デザイナーベビー報道に憶う

デザイナーベビー(designer baby)とは、もともとは受精卵の段階で遺伝子操作を行うことによって、親が望む外見や体力・知力などを持たせた子供の総称です。しかし、子どもが特定の性質を持つように事前に遺伝子を設計することは、技術的にも論理的にも強く問題視されています。

クローン人間とは異なり、デザイナーベビーを産み出すためにクローン技術は必ずしも必要ではありません。

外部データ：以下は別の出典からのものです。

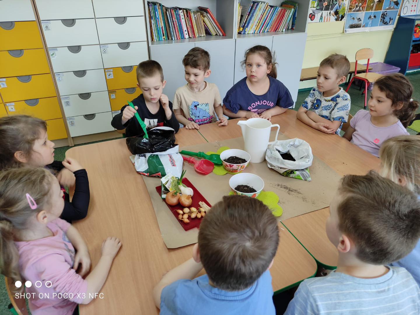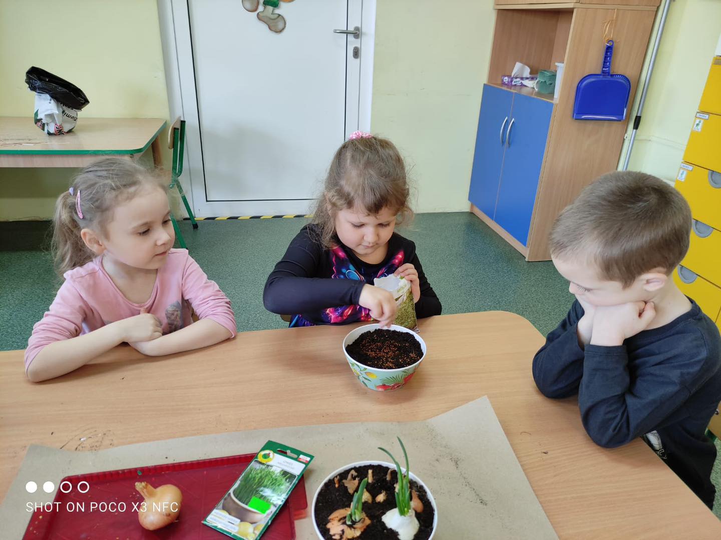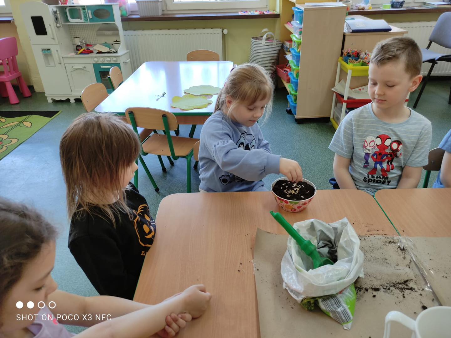 Z początkiem wiosny, dzieci 5- letnie włączyły się do utworzenia kącika zieleni w sali. To doskonałe miejsce do prowadzenia obserwacji wzrostu roślin. Teraz pozostała codzienna ich pielęgnacja.
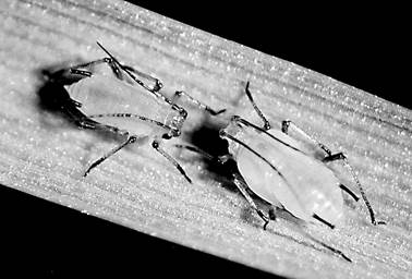 Большая злаковая тля (Sitobion avenae F.) – представитель семейства настоящих тлей. Это – насекомое с неполным превращением и со сложным циклом развития. Взрослая тля имеет веретеновидное тело, длиной 2,5-3,2 мм, желтовато–зеленой окраски с длинными ногами. Усики насекомого длиннее тела. Личинка имагообразная. Крылатые самки имеют черновато-бурую грудь и зеленое брюшко. Вредоносные фазы – личинка и имаго. Вредитель распространен повсеместно, питаясь соками листьев, вредит на посевах зерновых культур, кроме кукурузы и проса (рис. 2).
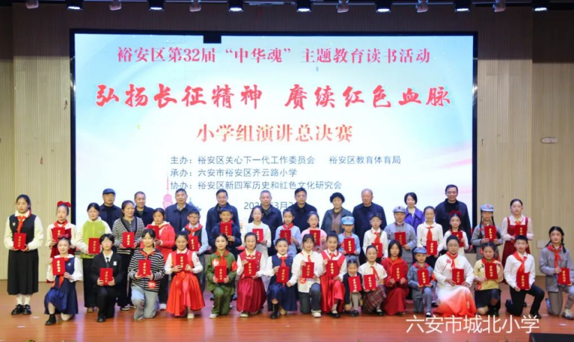 3月26日上午,以“弘扬长征精神,赓续红色血脉”为主题的裕安区第32届“中华魂”主题教育读书活动演讲比赛小学组总决赛在齐云路小学成功举办。来自全区各小学的35名选手齐聚赛场,以演讲 悟长征精神,以童心传红色薪火。经过激烈的角逐,六安市城北小学赵艺斐同学以全场第一名的佳绩荣获特等奖,六安市城北小学教育集团裕安区河西小学魏正熙同学、金马小学江欣瑶同学荣获二等奖。
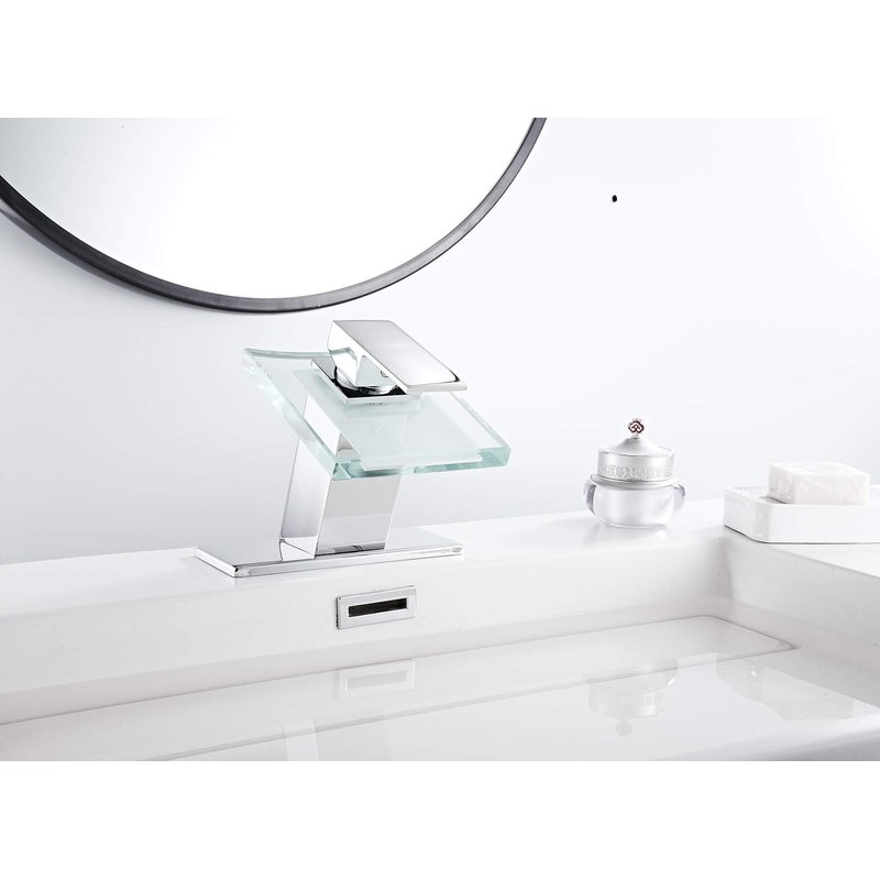 - Waterfall bathroom faucet provides a clear and steady laminar stream, that provides a beautiful water presentation.Clear glass style adds a gorgeous look to your bathroom
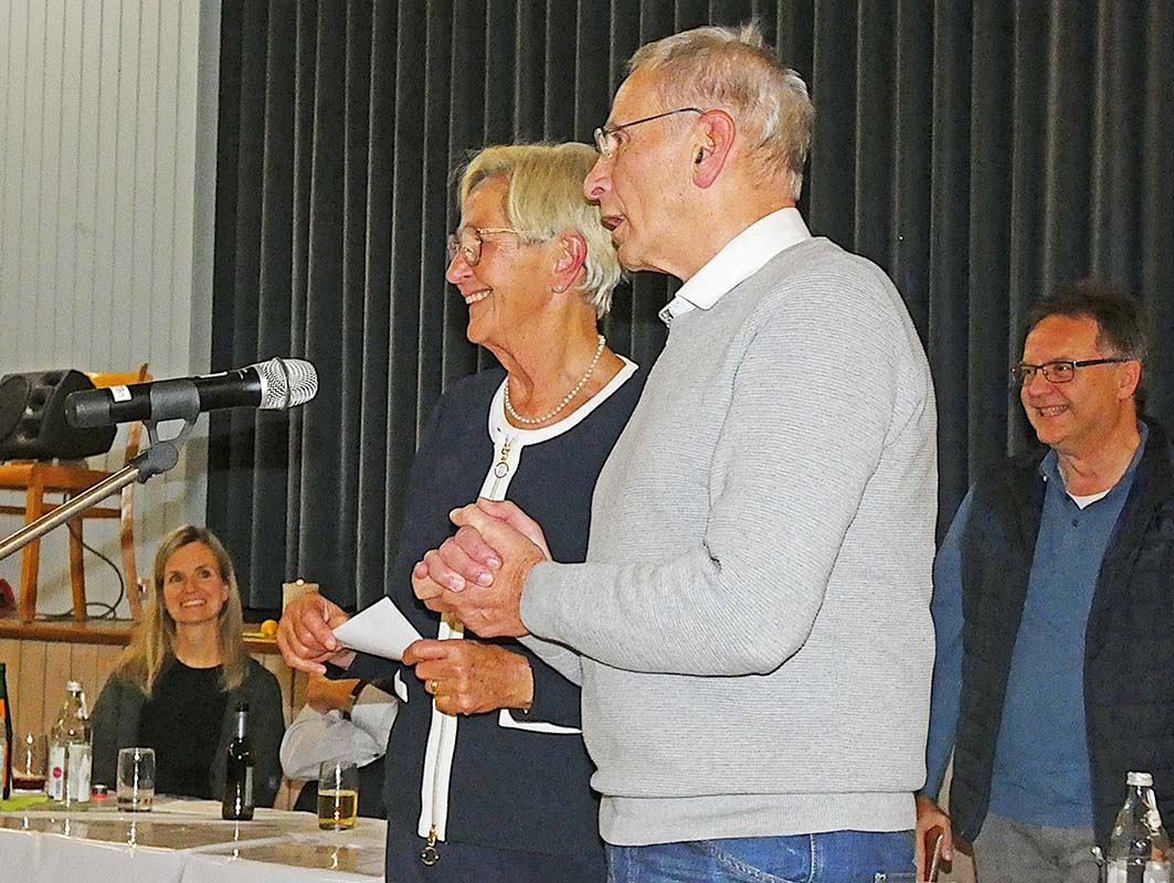 Auf ganze 60 Jahre Vereinsmitgliedschaft bringen es jeweils Karl-Heinz Nock und Wolfgang Spitzmüller. Zu Karl-Heinz Nock: Er war leidenschaftlicher Leistungsturner, begeisterter Tischtennisspieler und auch als Übungsleiter mit viel Engagement im Einsatz. „Die Turnhalle war über viele Jahre hinweg deine zweite Heimat, in der viele Freundschaften entstanden sind, die bis heute Bestand haben. Diese Zeit war für dich etwas ganz Besonderes – und als deine Schwester weiß ich das nur zu gut.“
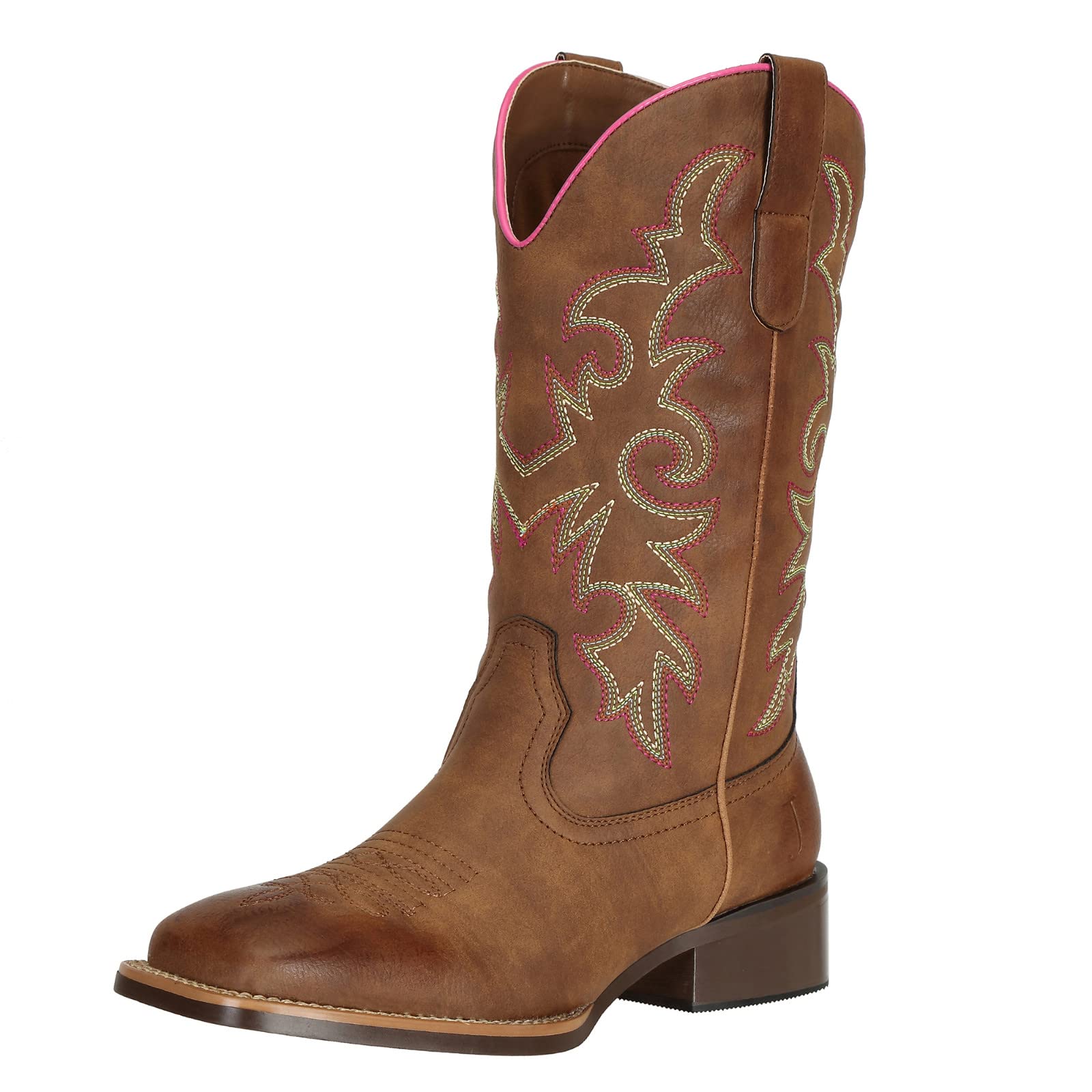 Women's Square Toe Cowboy Cowgirl Boots Embroidered Mid Calf...
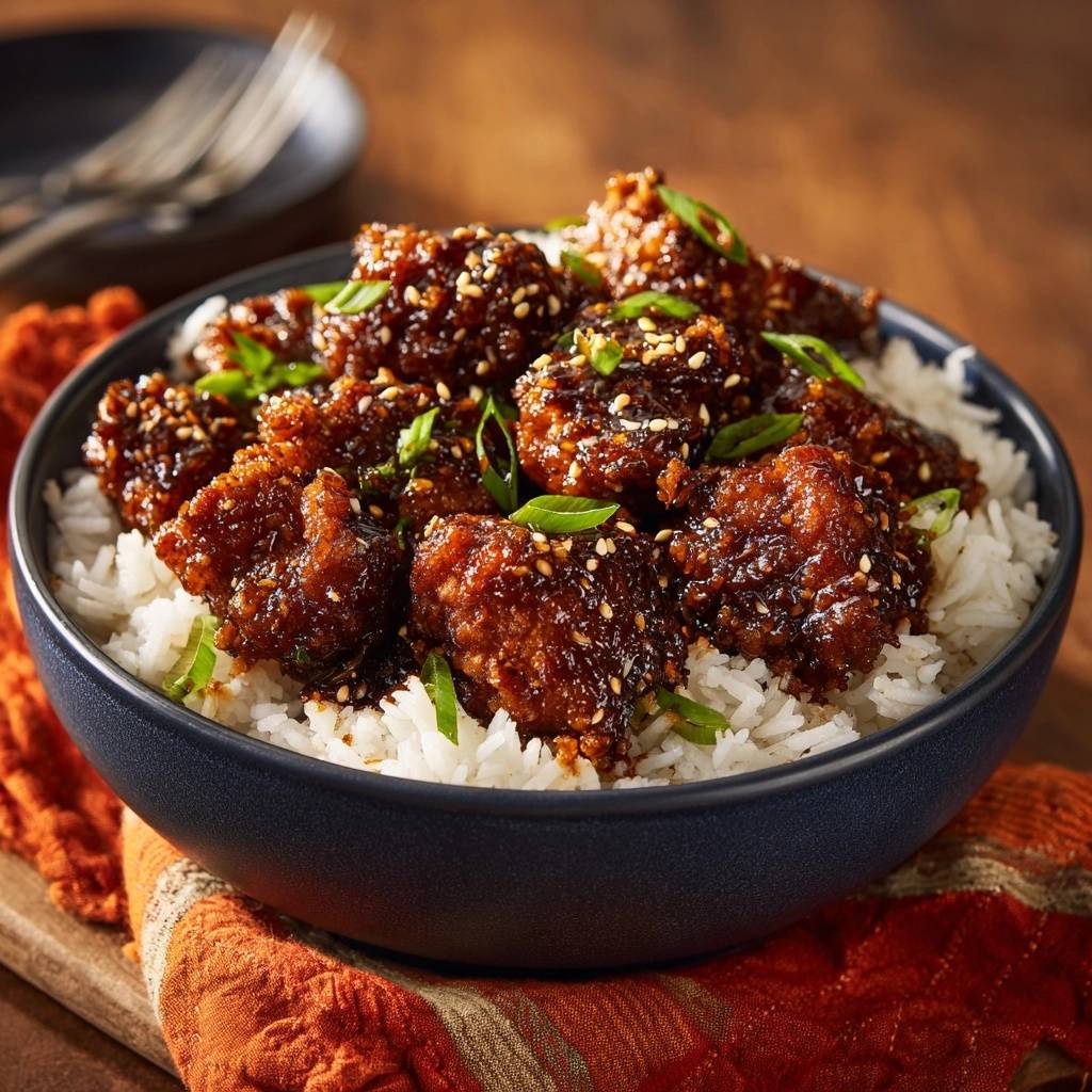 Crispy sesame chicken bowls with juicy chicken, double-fried for ultimate crunch that stays crisp under sticky sauce, served over rice.
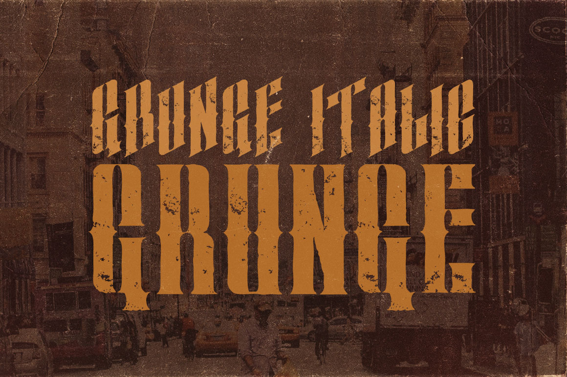 Creative modern and also grunge style custom font with 4 styles: regular, regular italic, grunge and grunge italic, TTF, OTF formats.

現在、医学的に目的とする遺伝子を持った子どもを新たに生むことは可能となっています。白血病などの難病をもった子どもの治療のために、白血球の型が一致する受精卵を選択する目的で着床前診断が行われています。世界においては、これまで数例の実施例が既に報道されています。

今回の報道におけるデザイナーベビーは、親が望む遺伝子を持つ赤ちゃんを作るための遺伝子解析技術が考案され、その技術で受精卵診断を行うというものです。その特許が米国で認められたとの報道です。身長や知能のみならず、既知の病気の原因遺伝子を持たない“パーフェクトベビー”を求める親の願望を叶えることが可能となります。検査がビジネスとして歯止めなく広がることは、生命の商品化や生命操作にもつながりかねず、倫理的な問題点はあまりに大きいと考えられます。